Money, US, $100 billsThe IntercontinentalExchange Inc. (NYSE: ICE) is about to get a serious makeover. With its $9.4 billion market value, the futures exchange is acquiring the NYSE Euronext Inc. (NYSE: NYX). This is no merger of equals either as this is the NYSE Euronext becoming a subsidiary of the ICE.

The real value here is not just the floor operation of the New York Stock Exchange. In fact, that may actually be a drag holding the NYSE value down to under $8 billion today. To prove the point, the NYSE share price of $32.00 and change after the buyout compares to a share price peak above $90 back in 2007 before the recession.

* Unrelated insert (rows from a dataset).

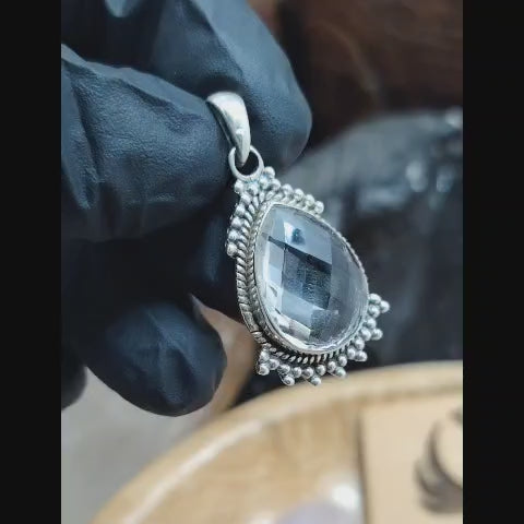 Dije con piedra natural cuarzo translúcido.
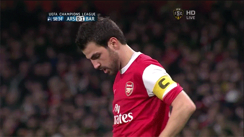아스널 전 주장 파브레가스 챔스에서 바르샤를만나고 선제골내주고 팀내 분위기가 떨어지자 힘내라고 팀내사기를 돋굼
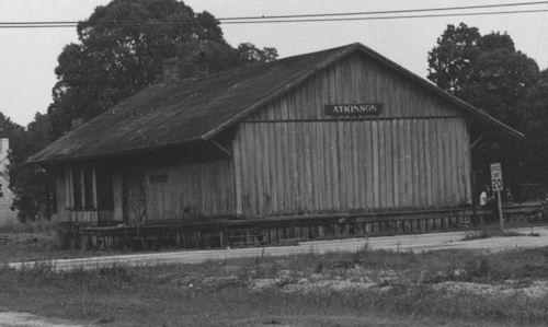 Former Atlantic Coast Line, ex. Cape Fear & Yadkin Valley, depot in Atkinson, NC. Mr. James Eakins bought the depot and moved it to
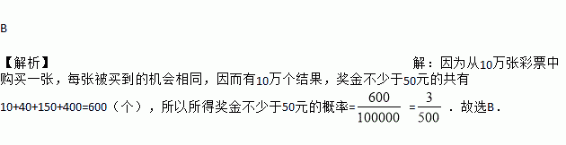 如果花2元钱购买1张彩票,那么所得奖金不少于50元的概率是( )
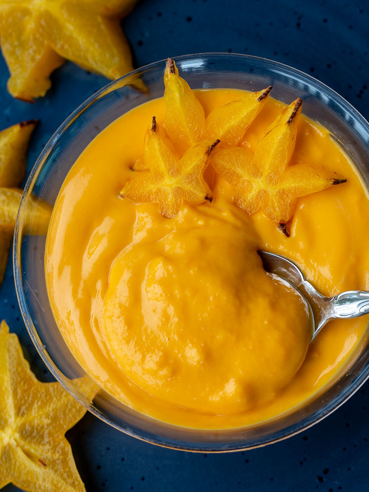 - Place the dessert soup into bowls. Garnish with star fruit, lemon zest, raspberries, pomegranate seeds, passion fruit, goji berries, etc. and Enjoy! (A bright slightly sour fruit pairs really well with this naturally sweet tropical dessert.)
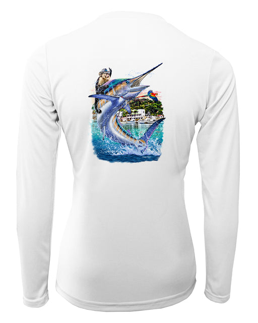 View full detailsWomen’s Long Sleeve V-Neck White Marlin Performance Shirt – “Costa Rican Marlin” by Carey Chen
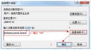 4. 在“输入对象名称来选择”下框中,输入“AU”,点击“检查名称”,再点“确定“;
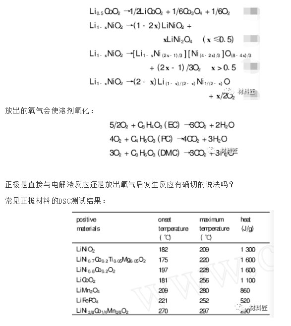 常見的正極材料在溫度低于650℃時(shí)是穩(wěn)定的,在充電時(shí)處于亞穩(wěn)定狀態(tài),溫度升高時(shí)發(fā)生如下反應(yīng)。
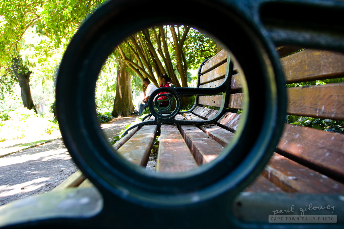 This particular garden bench in the Company's Gardens (map) must be one of the least used benches of them all. Not because it's in an obscure place, not because it's particularly uncomfortable - no, this particular bench is located just below the perfect birdy toilet-spot. The closest half of the bench wasn't so bad, but the second half was absolutely covered in crusty white stuffs. Yuck!
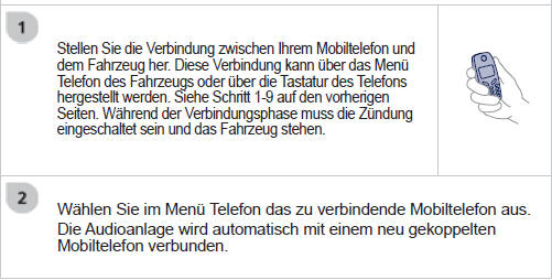 Aus Sicherheitsgründen muss der Fahrer die Bedienungsschritte zum Anschluss des Bluetooth-Mobiltelefons an die Bluetooth- Freisprecheinrichtung seines Autoradios bei stehendem Fahrzeug und eingeschalteter Zündung vornehmen, da sie seine ganze Aufmerksamkeit erfordern.
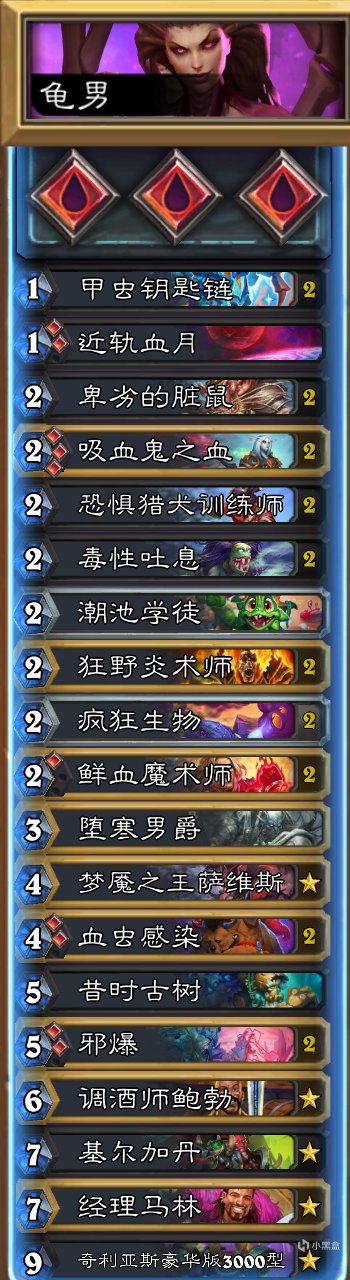 这次优化进去了学徒、吸血鬼之血、古树等卡,拥有更多解场和回血能力,极致的龟男!
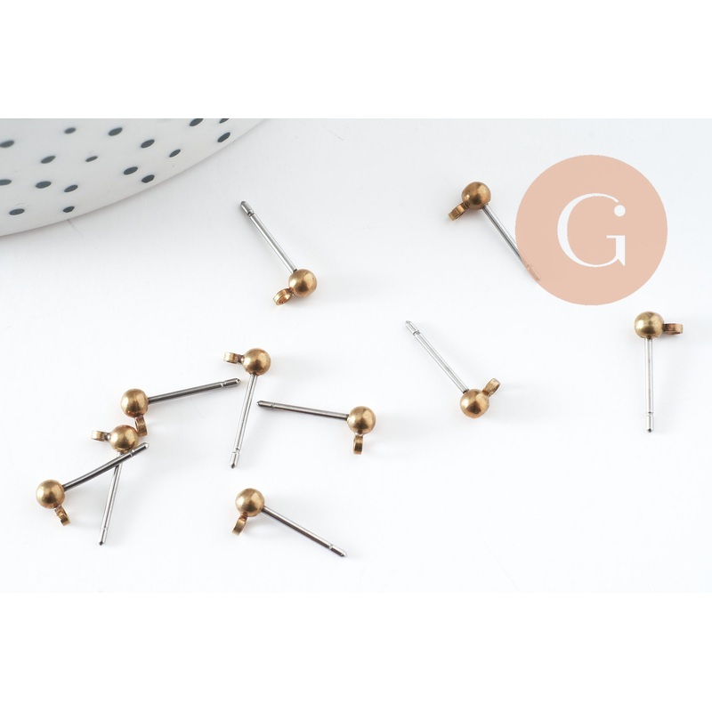 Ball stud earrings raw brass steel stainless steel 4mm, x10 (G1269)
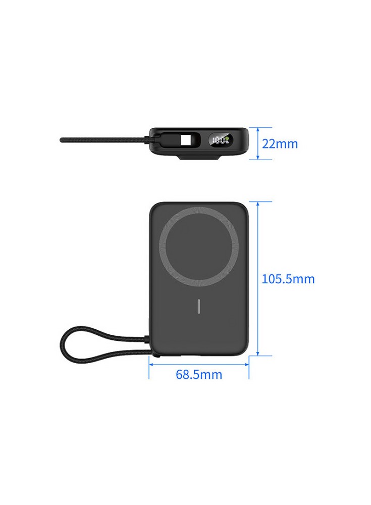 The Portable Fast-Charge Power Bank is designed with a slim and lightweight body, combining magnetic wireless charging with high-efficiency fast-charging technology. It delivers safe, stable, and rapid power for your smart devices anytime and anywhere—perfect for daily commutes, business trips, or travel.
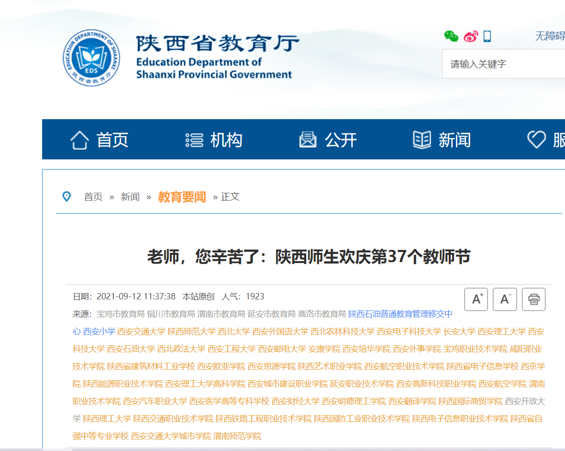 【陕西省教育厅官网】陕西师生欢庆第37个教师节

This begs a question. With exchange mergers continuing to take hold, will CME Group Inc. (NASDAQ: CME) with its $17 billion market value go after the Nasdaq OMX Group Inc. (NASDAQ: NDAQ) and its $4.3 billion market value. The CME competes against ICE and the NASDAQ and NYSE are longstanding rivals. The NASDAQ and ICE were looking for a NYSE bid in 2011 and the Deutsche Boerse merger with NYSE was blocked. Recent reports showed that the CME was interested in buying the NYSE.

This brings up a simple yet serious question. Will CME go after NASDAQ? The answer is not so simple. Stay tuned. The global consolidation of financial exchanges is not yet finished.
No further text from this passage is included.